» **INSTRUCTIONS FOR THE TASK**
Quote the records that follow in full, leaving the pictures out.

(Records drawn from a dataset)
- - - - -

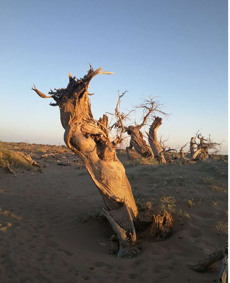 由於塔里木河下游水量減少,在若羌縣英蘇村,流沙掩埋了一座座房舍,河道里沒有一滴水,大片的胡楊林正成為沙漠上的“木乃伊”,但她仍然沒有倒下,即使默默經受了千百年的風沙侵蝕,至今依然矗立在那裏。在沙漠公路兩側,可以目睹胡楊死而不倒的身軀挺立在茫茫大漠之中,彷彿仍在同狂風作戰,又好像在向行人訴説着心酸的往事。
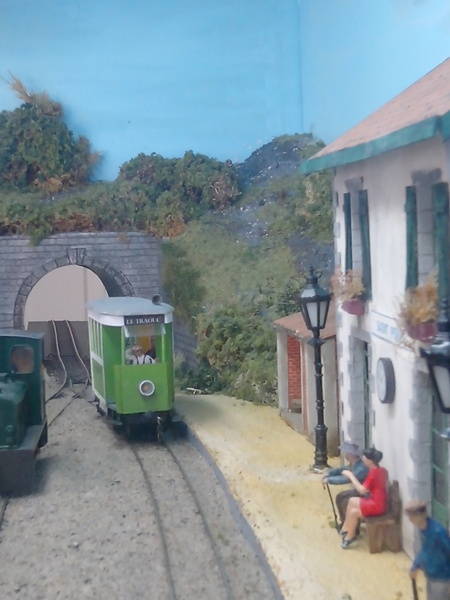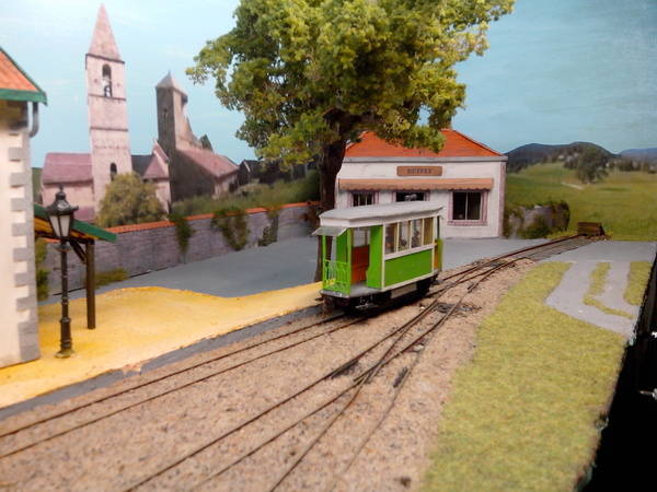 fait en 2012, les batiments et le petit tram sont fait en carton la motorisation vient d'une loco bachmann HO ,la loco est une magic train de fleischmann place au photos
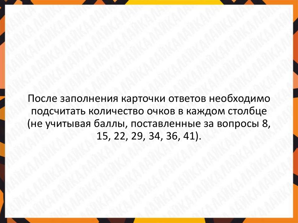 После заполнения карточки ответов необходимоподсчитать количество очков в каждом столбце
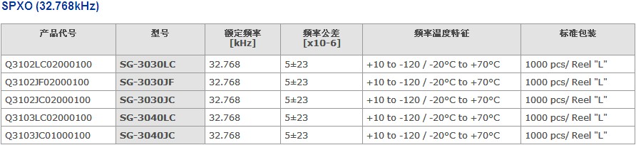 愛普生晶振,32.768KHZ系列有源晶振產(chǎn)品代碼一覽表
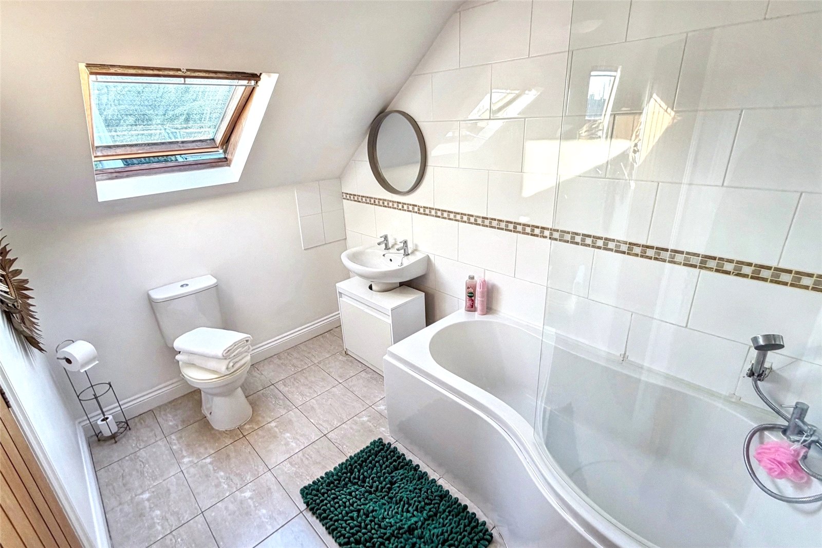 Bathroom/WC 10' x 6'7" (3.05m x 2m). Fitted with a white suite comprising; panelled shower bath with shower above, low level WC and wash basin, part tiled walls and tiled floor, radiator and double glazed Velux window to the front. Door to bedroom three.
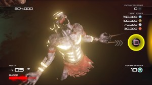 The system itself is based on three basic moves: attack, stun, and throw, each mapped to a face button. All are useful, but the button masher in you will probably start off just using attack. Later on you’ll learn that the stun attack or throw attack are different ways to halt the wall of enemies coming from one side so that you can deal with the other. In addition L1 acts as a counter that will dispatch of an enemy if your timing is precise, otherwise R1 is a safe block that will always protect you provided you are facing the enemy. Flicking the right stick in either direction will perform a roll move that won’t really protect you from harm, but can generate some distance faster than walking. If you can’t already see where this is going, your enemies will spend their entire time trying to get you when your back is turned and the later you get in the game the smaller that timing gap becomes. By the end there were combat scenarios that almost felt like quick time events without prompts, but coming out one of those encounters is nothing shy of rewarding. These basic offensive and defensive moves are just the beginning, however, because the final and most important mechanic is your blood factor. Whenever you draw blood you have a 3-bar meter that begins to fill, unlocking certain abilities that come at a cost. You can unleash these attacks by holding R2 and pressing a specific face button. Square will start a sequence where you can restore life, triangle increases score, circle is an unlocked move that works as a combo attack. Finally there is your blood combo that uses the full 3 bars of blood but allows you to kill all the enemies coming at you in rapid succession, not to mention a tightly timed series of button presses, with an exponential growth in score. It’s a high risk move because it drains your blood meter, but it also allows you to one-hit all enemies if you can get the timing down, which will be helpful in late levels. I’m sure it feels a bit overwhelming and complicating in this paragraph, but it’s a system you can easily get down after the initial tutorial-like level and spend the rest of the game mastering.
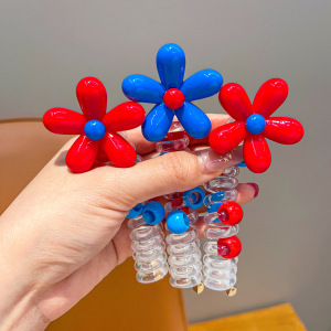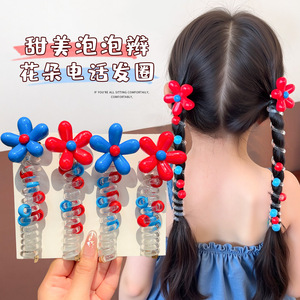 可爱红蓝撞色小花儿童电话线发圈泡泡辫编发神器发饰女童发绳头饰
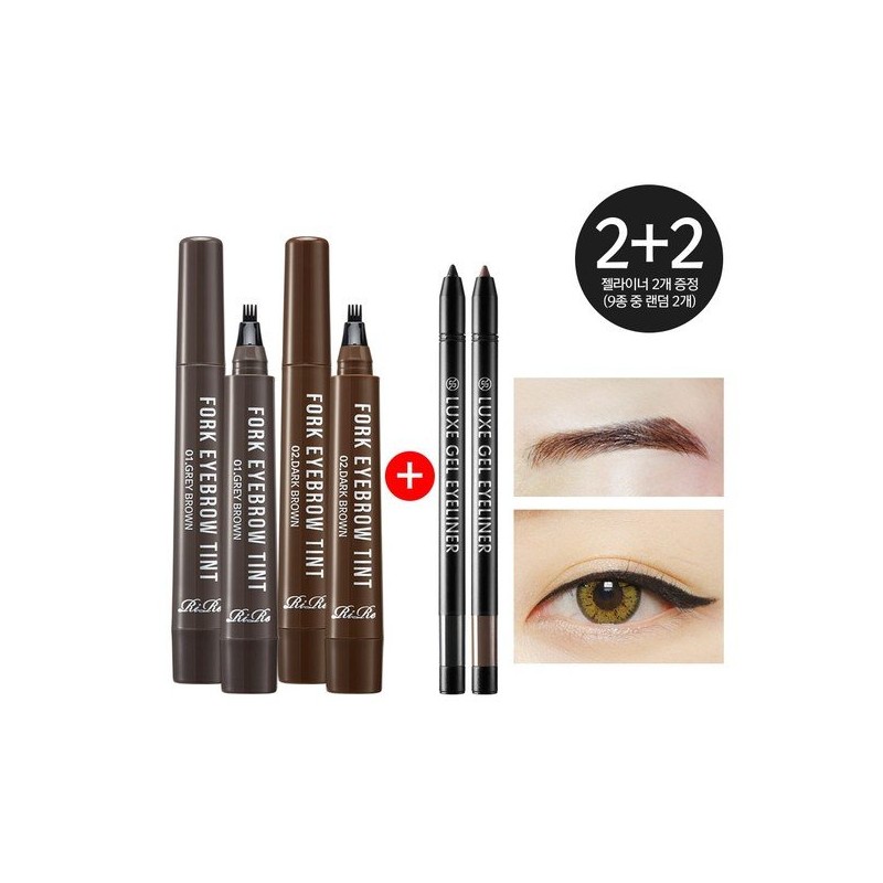 Lir 2+2 event/Lir Fork 2 tattoo eyebrows + 2 gel eyeliners, 08) Fork_Dark brown + Light brown + 2 pencils

- - - - -

» **ANSWER BOX**
 由於塔里木河下游水量減少,在若羌縣英蘇村,流沙掩埋了一座座房舍,河道里沒有一滴水,大片的胡楊林正成為沙漠上的“木乃伊”,但她仍然沒有倒下,即使默默經受了千百年的風沙侵蝕,至今依然矗立在那裏。在沙漠公路兩側,可以目睹胡楊死而不倒的身軀挺立在茫茫大漠之中,彷彿仍在同狂風作戰,又好像在向行人訴説着心酸的往事。
 fait en 2012, les batiments et le petit tram sont fait en carton la motorisation vient d'une loco bachmann HO ,la loco est une magic train de fleischmann place au photos
 После заполнения карточки ответов необходимоподсчитать количество очков в каждом столбце
 愛普生晶振,32.768KHZ系列有源晶振產(chǎn)品代碼一覽表
 Bathroom/WC 10' x 6'7" (3.05m x 2m). Fitted with a white suite comprising; panelled shower bath with shower above, low level WC and wash basin, part tiled walls and tiled floor, radiator and double glazed Velux window to the front. Door to bedroom three.
 The system itself is based on three basic moves: attack, stun, and throw, each mapped to a face button. All are useful, but the button masher in you will probably start off just using attack. Later on you’ll learn that the stun attack or throw attack are different ways to halt the wall of enemies coming from one side so that you can deal with the other. In addition L1 acts as a counter that will dispatch of an enemy if your timing is precise, otherwise R1 is a safe block that will always protect you provided you are facing the enemy. Flicking the right stick in either direction will perform a roll move that won’t really protect you from harm, but can generate some distance faster than walking. If you can’t already see where this is going, your enemies will spend their entire time trying to get you when your back is turned and the later you get in the game the smaller that timing gap becomes. By the end there were combat scenarios that almost felt like quick time events without prompts, but coming out one of those encounters is nothing shy of rewarding. These basic offensive and defensive moves are just the beginning, however, because the final and most important mechanic is your blood factor. Whenever you draw blood you have a 3-bar meter that begins to fill, unlocking certain abilities that come at a cost. You can unleash these attacks by holding R2 and pressing a specific face button. Square will start a sequence where you can restore life, triangle increases score, circle is an unlocked move that works as a combo attack. Finally there is your blood combo that uses the full 3 bars of blood but allows you to kill all the enemies coming at you in rapid succession, not to mention a tightly timed series of button presses, with an exponential growth in score. It’s a high risk move because it drains your blood meter, but it also allows you to one-hit all enemies if you can get the timing down, which will be helpful in late levels. I’m sure it feels a bit overwhelming and complicating in this paragraph, but it’s a system you can easily get down after the initial tutorial-like level and spend the rest of the game mastering.
 可爱红蓝撞色小花儿童电话线发圈泡泡辫编发神器发饰女童发绳头饰
 Lir 2+2 event/Lir Fork 2 tattoo eyebrows + 2 gel eyeliners, 08) Fork_Dark brown + Light brown + 2 pencils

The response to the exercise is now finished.